For years, Special Operations forces were the unloved stepchildren of the American military community, owned but not understood very well, or given priority. After the failed Desert One raid to free American hostages in Iran, however, the need to do better became apparent. Eventually real changes were made, and US Special Operations Command (US SOCOM) stood up as its own independent command with contributions from the Army (“Green Berets”, 75th Ranger Regiment, civil affairs & psyops, helicopters), Navy (SEALs), and Air Force (Pararescue, specialty aircraft). As the events of September 11, 2001 made the nature of the current global war clear, SOCOM stepped into a leading role – first in Afghanistan, then in the war as a whole. Current plans call for a 33% increase in American special forces numbers by 2013. This will be a challenge given the limited pool of applicants who can make the grade, and the continued lure of higher-paying private sector jobs as security contractors.

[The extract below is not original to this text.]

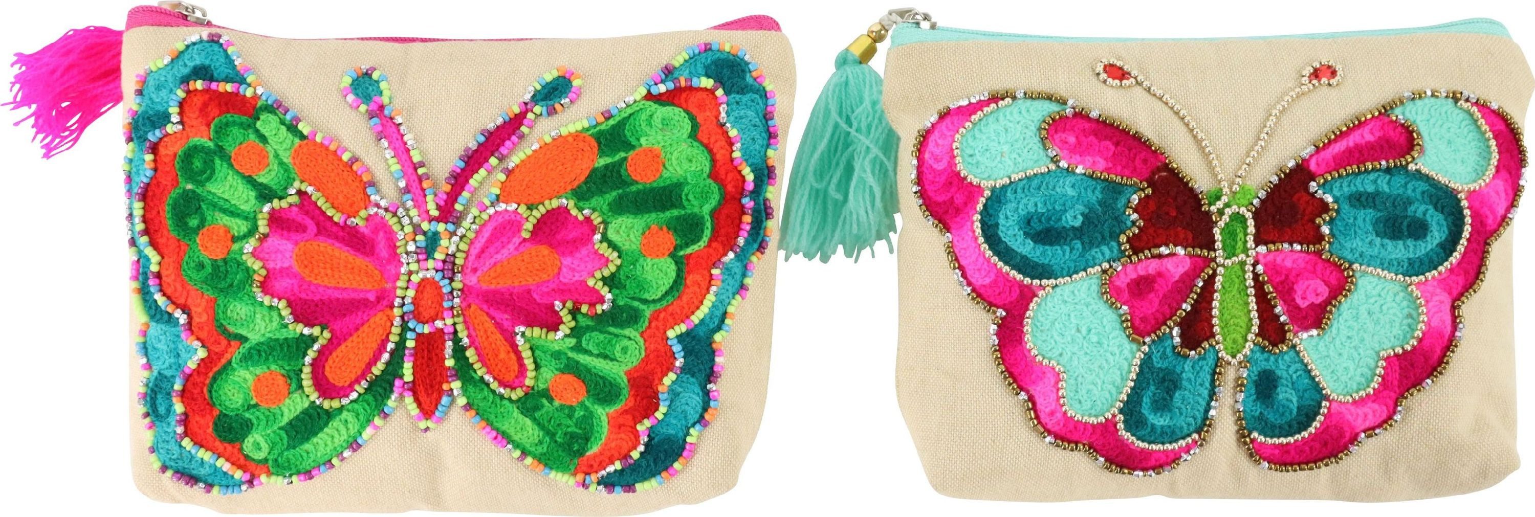 Dieses farbenfrohe 2er-Set von FURNARO begeistert mit kunstvollen Schmetterlingsmotiven, detailreich bestickt und mit Perlen verziert. Die Täschchen aus einem hochwertigen Baumwolle-Polyester-Mix sind nicht nur stilvoll, sondern auch praktisch --dank Reißverschluss und dekorativer Quaste. Ideal geeignet als Kosmetiktasche, Reiseetui oder zur Aufbewahrung von Schmuck oder anderen Kleinigkeiten. Das Design bringt frischen Wind in den Alltag und ist ein echtes Highlight für Liebhaber individueller Accessoires. Mit ihren leuchtenden Farben und dem charmanten Schmetterlingsdesign sind diese Täschchen nicht nur funktional, sondern auch ein stilvolles Geschenk für jede Gelegenheit.

Who was missing from this picture? The Marines. Why? Because to the Marines, every Marine is special. After all, what higher honor could there possibly be than to say you were a US Marine? None. Which is why the USMC had Force Recon personnel, and whole Marine Expeditionary Unit – Special Operations Capable formations. They had no special forces. Until November 2005, when the US Marines agreed to stand up MARSOC with 2,500 Marine special forces – even as they managed to remain true to their credo. MARSOC was formally established on February 24/06.
Of course, a service that has never had any special forces doesn’t really have any facilities for them. Then again, separate facilities pose a problem. To square this circle, the Marines are building the new facilities at Camp LeJeune and now at Camp Pendleton, right alongside their fellow Marines…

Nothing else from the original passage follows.